In a 1985 essay about subjective geography, theorist Denis Crosgrove states “landscapes are a way of seeing.” In “Papi,” the current exhibition at Iceberg Projects, artist Oli Rodriguez, a Chicagoan who now lives in Los Angeles, suggests that landscapes are a way to see queer phantoms.
From 2010-2020, Rodriguez documented his deceased gay father’s (his Papi) relationship to the histories of HIV/AIDS and his former cruising spaces. “The Papi Project” is the accumulation of this multimedia material which renders the invisible shadows of queered spaces visible. For Rodriguez’s exhibition at Iceberg Projects, a curated selection of his personal correspondences with his father’s former lovers and thirteen photographs/postcards from the overarching “The Papi Project” are on view.
Upon entering Iceberg Projects, there is an immediate sense that there is more to see than what’s on view. Literally and metaphorically, the landscape photographs in the first gallery space are nearly vacant. Several postcards of similar landscapes, sans personalized notes, are installed perpendicular to the wall. Addressed to either curator John Neff or Iceberg Projects, a rubber stamp imprint on the postcards confirms that these did, in fact, travel from Los Angeles to Chicago via the U.S. Postal System. A larger landscape photograph in the first gallery presents a view of Lake Michigan. In another, a park bench in a shabby setting is offset by a rainbow/retro lens flair at the bottom edge. For these photographs, he used 110 film, popular in the 1980s because of its easy-to-use portability, to document the present-day remains of popular gay hookup spots from the 1970s, 1980s and 1990s. It might be easy to get caught up in these photographs’ grainy Instagram filter aesthetic, but what Rodriguez shows are spaces where things once happened via the historical mode of documentation—the aesthetic is a technicality and a result of outdated film stretched to the limits of production.
In the second gallery space, a large table with four facsimiles of “The Papi Project” book contains essays, communications, film stills and additional photographs and collected materials. It is worth spending time reading and feeling this content. Each page is an emotional foray into what Rodriguez went through in finding out more about his gay father after his death by way of the men he hooked up with while alive. Surrounding the table is a large wall-sized grainy landscape photograph, two monitors scrolling photographs of the men Rodriguez met or hooked up with while inquiring about his Papi and casual day-to-day situations, other digital media, such as Craigslist ads (remember those?), and printed materials from previous iterations of “The Papi Project.” Taken together, this exhibition, and larger project, is a potent harkening to a singular and collective lost past: spatially, technologically, physically, emotionally and sexually.
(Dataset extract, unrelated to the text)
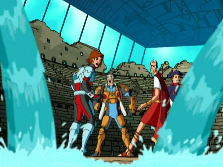 Harrison is brought to the Coliseum (Caesar does say it was after his time at least) and has to flee lions, but Bonner has a plan. He and Draga kidnap Napoleon and force him and Caesar into the Coliseum and, when they refuse to believe that they were robots, start flooding it. They spark when they touch some water and flee to the top of the cage.

Each object in “Papi” stands as evidence that the digital and physical landscapes we currently occupy are filled with ghosts. What we see in, and importantly through, Rodriguez’s landscape representations is absence. In the corresponding publication published by Candor Arts, the artist explains, “I am interested in […] exploring the remnants, the changes, the barrenness and the historically lost subtext [of these landscapes]. These are often green spaces no longer identifiable or connected to their historical cruising roots.”
The particular relevance of this project and exhibition is that it coincides with the forty-year anniversary of the first five cases of what later became known as AIDS were officially reported. It is also a time where political uncertainty is attempting to erase plural LGBTQIA+ histories and realities and when cities like Chicago are washing away wildness through extreme gentrification. Rodriguez’s work in “The Papi Project” speaks to the consequences of these actions by pushing back on the perceived absences of folx and histories—ultimately showing the collateral of their physical absences. Within the absence of his Papi, his Papi’s lovers and these once queer landscapes, there remains a presence. What other spirits live in our collective consciousness, shared public places and individual memories? (Alex Priest)
“Oli Rodriguez: Papi” is on view at Iceberg Projects, 7714 North Sheridan, through July 18.